◆ Work request
The expected response is an exact repetition of every record, with images excluded.

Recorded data

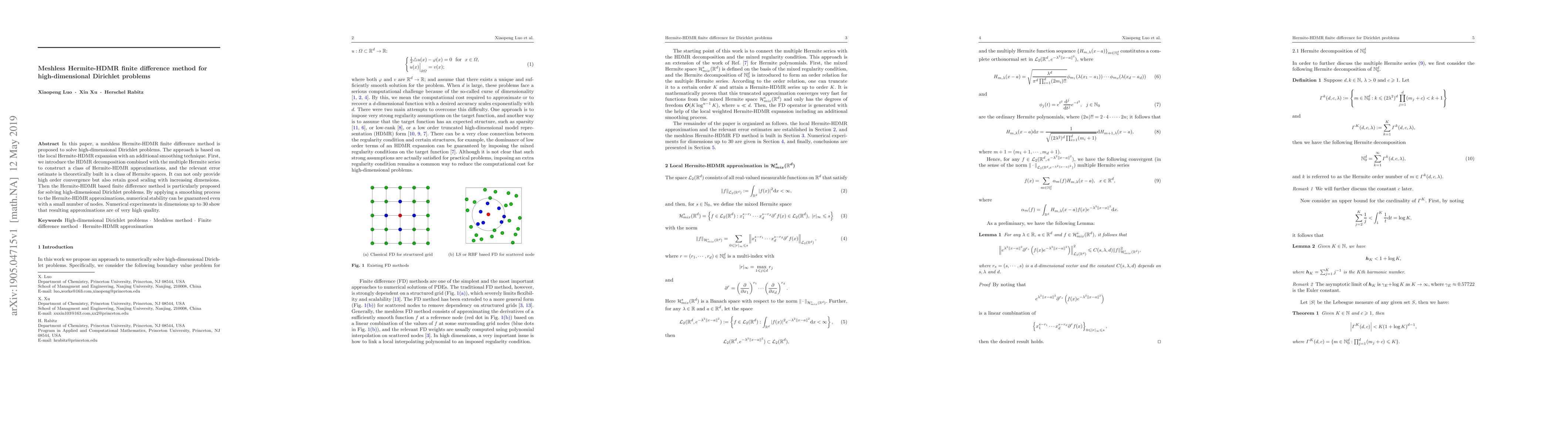 This paper proposes a meshless Hermite-HDMR finite difference method for high-dimensional Dirichlet problems, utilizing local Hermite-HDMR expansions and a smoothing technique to ensure numerical stability. The method demonstrates high-order convergence and maintains efficiency with increasing dimensions, as evidenced by high-quality approximations in experiments up to 30 dimensions.
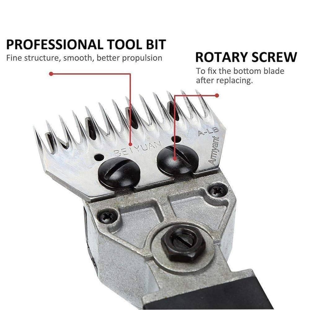 شفرة قابلة للإزالة: الشفرة الحادة مصنوعة من الستيل عالي الجودة، والذي يمكن أن يضمن عمر خدمة طويل. وهذا يعني أنه يمكن قص الصوف بسرعة وكفاءة وحماية الحيوان من الجروح أو الطعنات. الشفرة قابلة للإزالة وسهلة التنظيف والصيانة.
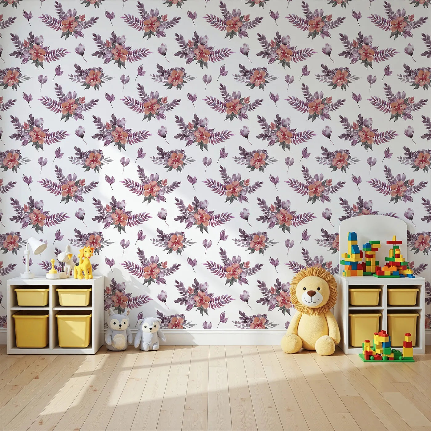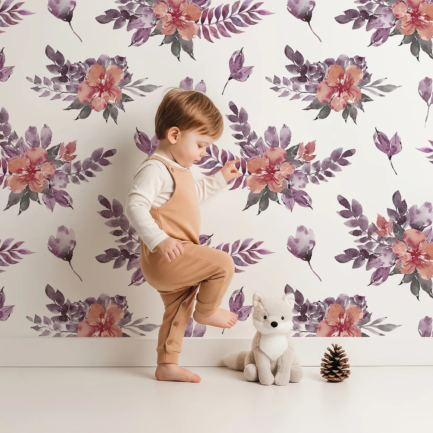 This beautiful flower wallpaper brings a meadow's gentle charm into your little one's room. Delicate watercolor wildflowers in soft purples and oranges are scattered across the wall, creating a dreamy and artistic feel. The design is both playful and serene, perfect for a nursery that will grow with your child.
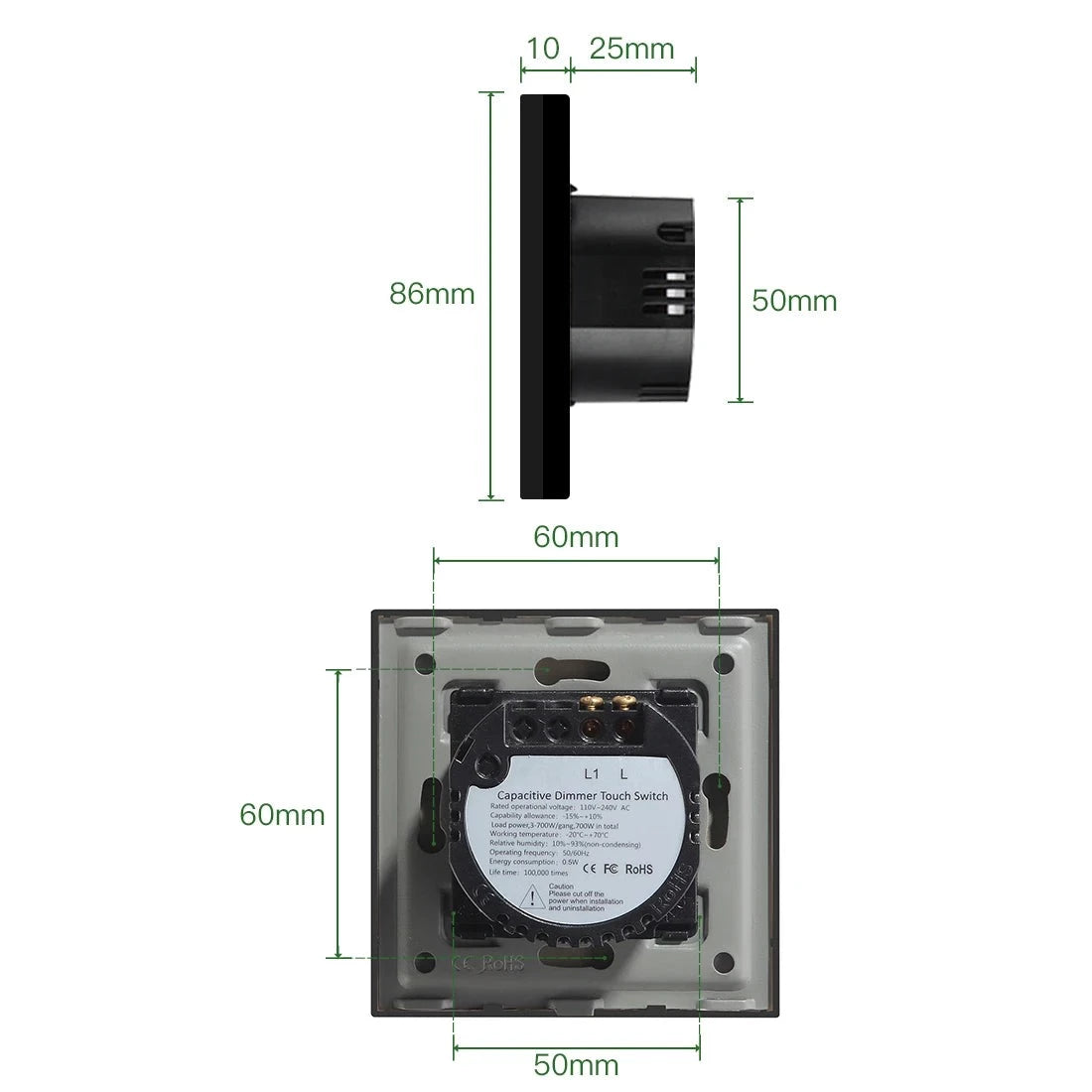 - Material: Glass Panel & Iron Plate & Plastic Switch Module
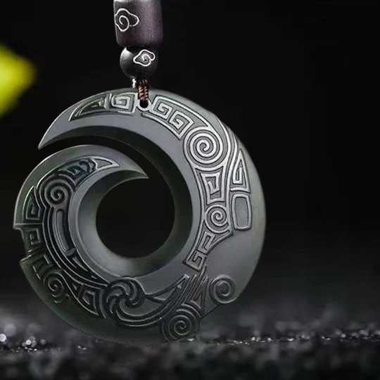 Bodhi Stones One’s Luck Improves Design Patern Hetian Cyan Jade Peace Buckle Luck Necklace Pendant
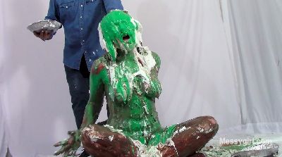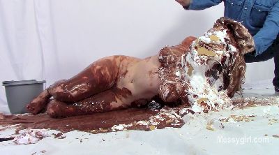 Penelope is in a sexy black vinyl dress and ankle boots. She gets on the floor and finds two catering size buckets of Nutella. She slowly starts to cover her dress and boots in the sweet stuff. You get a nice view of her ass and pussy as she does this. She then strips off the dress and continues the coverage on her nude body. She gets more into it and gives her face some very nice coverage. She is now unrecognizable. You get a nice view as she shows off every inch of her now Nutella slathered body. Very hot total coverage.
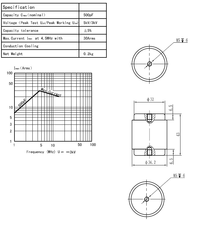 CKT500/3.5/30固定陶瓷高压真空电容器采用陶瓷外壳、真空介质、具有耐压高、体积小、Q值高、性能稳定可靠价格低廉等特点,广泛用于感应加热、介质加热、通讯、广播等设备。
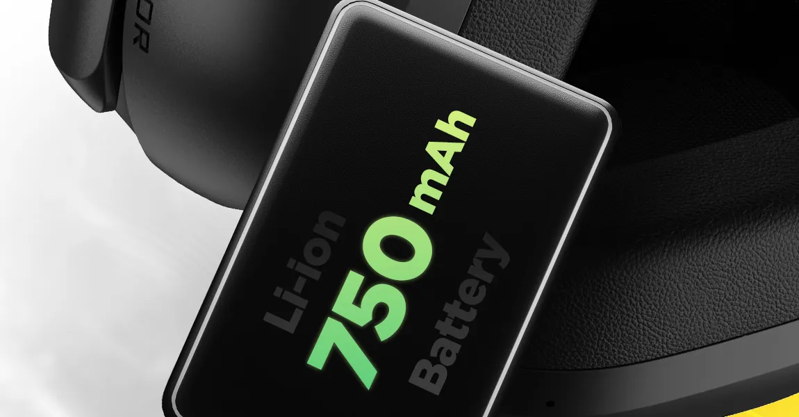 Інноваційний літій-іонний акумулятор з низьким рівнем деградації, ємністю 750 мАг, забезпечує автономність гарнітури протягом 45 годин.
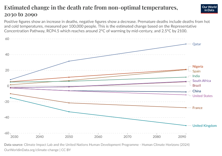 “Data Page: Estimated change in the death rate from non-optimal temperatures”. Our World in Data (2025). Data adapted from Climate Impact Lab and the United Nations Human Development Programme. Retrieved from https://archive.ourworldindata.org/20250909-093708/grapher/change-heat-death-rate.html [online resource] (archived on September 9, 2025).How to cite this data
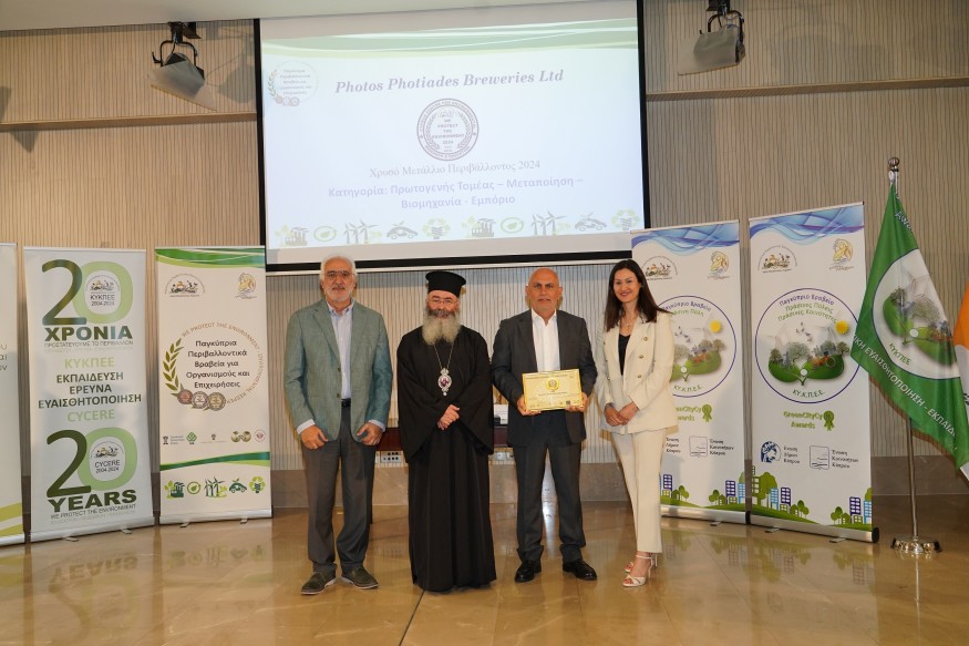 Η Photos Photiades Breweries, μέλος του Ομίλου Φώτος Φωτιάδης, τιμήθηκε για 2η συνεχή χρονιά με το Χρυσό Βραβείο «Προστάτης του Περιβάλλοντος», επιβεβαιώνοντας τη σταθερή και ισχυρή δέσμευση της στη βιώσιμη ανάπτυξη και την περιβαλλοντική ευθύνη.
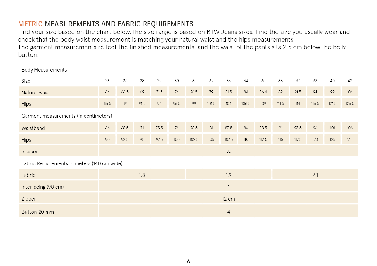 Flip through the images to find fabric requirements and measurements for the Cargo Pants sewing pattern.
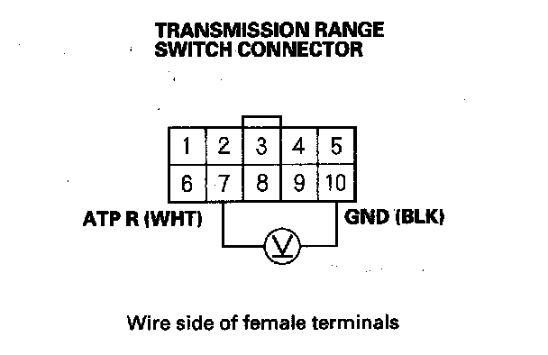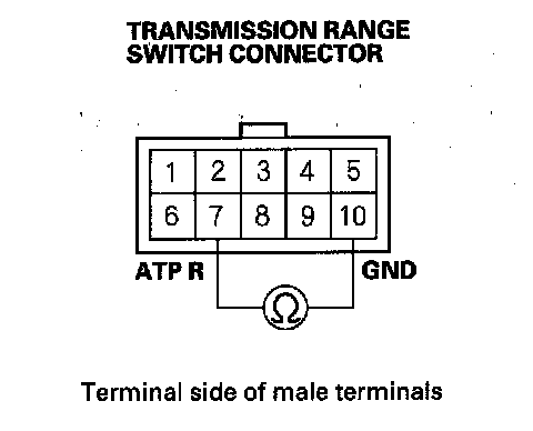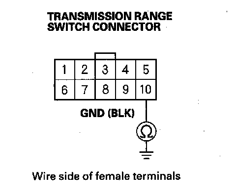 5. Check for continuity between transmission range switch connector terminal No. 10 and body ground.

◆ Expected answer
 This paper proposes a meshless Hermite-HDMR finite difference method for high-dimensional Dirichlet problems, utilizing local Hermite-HDMR expansions and a smoothing technique to ensure numerical stability. The method demonstrates high-order convergence and maintains efficiency with increasing dimensions, as evidenced by high-quality approximations in experiments up to 30 dimensions.
 شفرة قابلة للإزالة: الشفرة الحادة مصنوعة من الستيل عالي الجودة، والذي يمكن أن يضمن عمر خدمة طويل. وهذا يعني أنه يمكن قص الصوف بسرعة وكفاءة وحماية الحيوان من الجروح أو الطعنات. الشفرة قابلة للإزالة وسهلة التنظيف والصيانة.
 This beautiful flower wallpaper brings a meadow's gentle charm into your little one's room. Delicate watercolor wildflowers in soft purples and oranges are scattered across the wall, creating a dreamy and artistic feel. The design is both playful and serene, perfect for a nursery that will grow with your child.
 - Material: Glass Panel & Iron Plate & Plastic Switch Module
 Bodhi Stones One’s Luck Improves Design Patern Hetian Cyan Jade Peace Buckle Luck Necklace Pendant
 Penelope is in a sexy black vinyl dress and ankle boots. She gets on the floor and finds two catering size buckets of Nutella. She slowly starts to cover her dress and boots in the sweet stuff. You get a nice view of her ass and pussy as she does this. She then strips off the dress and continues the coverage on her nude body. She gets more into it and gives her face some very nice coverage. She is now unrecognizable. You get a nice view as she shows off every inch of her now Nutella slathered body. Very hot total coverage.
 CKT500/3.5/30固定陶瓷高压真空电容器采用陶瓷外壳、真空介质、具有耐压高、体积小、Q值高、性能稳定可靠价格低廉等特点,广泛用于感应加热、介质加热、通讯、广播等设备。
 Інноваційний літій-іонний акумулятор з низьким рівнем деградації, ємністю 750 мАг, забезпечує автономність гарнітури протягом 45 годин.
 “Data Page: Estimated change in the death rate from non-optimal temperatures”. Our World in Data (2025). Data adapted from Climate Impact Lab and the United Nations Human Development Programme. Retrieved from https://archive.ourworldindata.org/20250909-093708/grapher/change-heat-death-rate.html [online resource] (archived on September 9, 2025).How to cite this data
 Η Photos Photiades Breweries, μέλος του Ομίλου Φώτος Φωτιάδης, τιμήθηκε για 2η συνεχή χρονιά με το Χρυσό Βραβείο «Προστάτης του Περιβάλλοντος», επιβεβαιώνοντας τη σταθερή και ισχυρή δέσμευση της στη βιώσιμη ανάπτυξη και την περιβαλλοντική ευθύνη.
 Flip through the images to find fabric requirements and measurements for the Cargo Pants sewing pattern.
 5. Check for continuity between transmission range switch connector terminal No. 10 and body ground.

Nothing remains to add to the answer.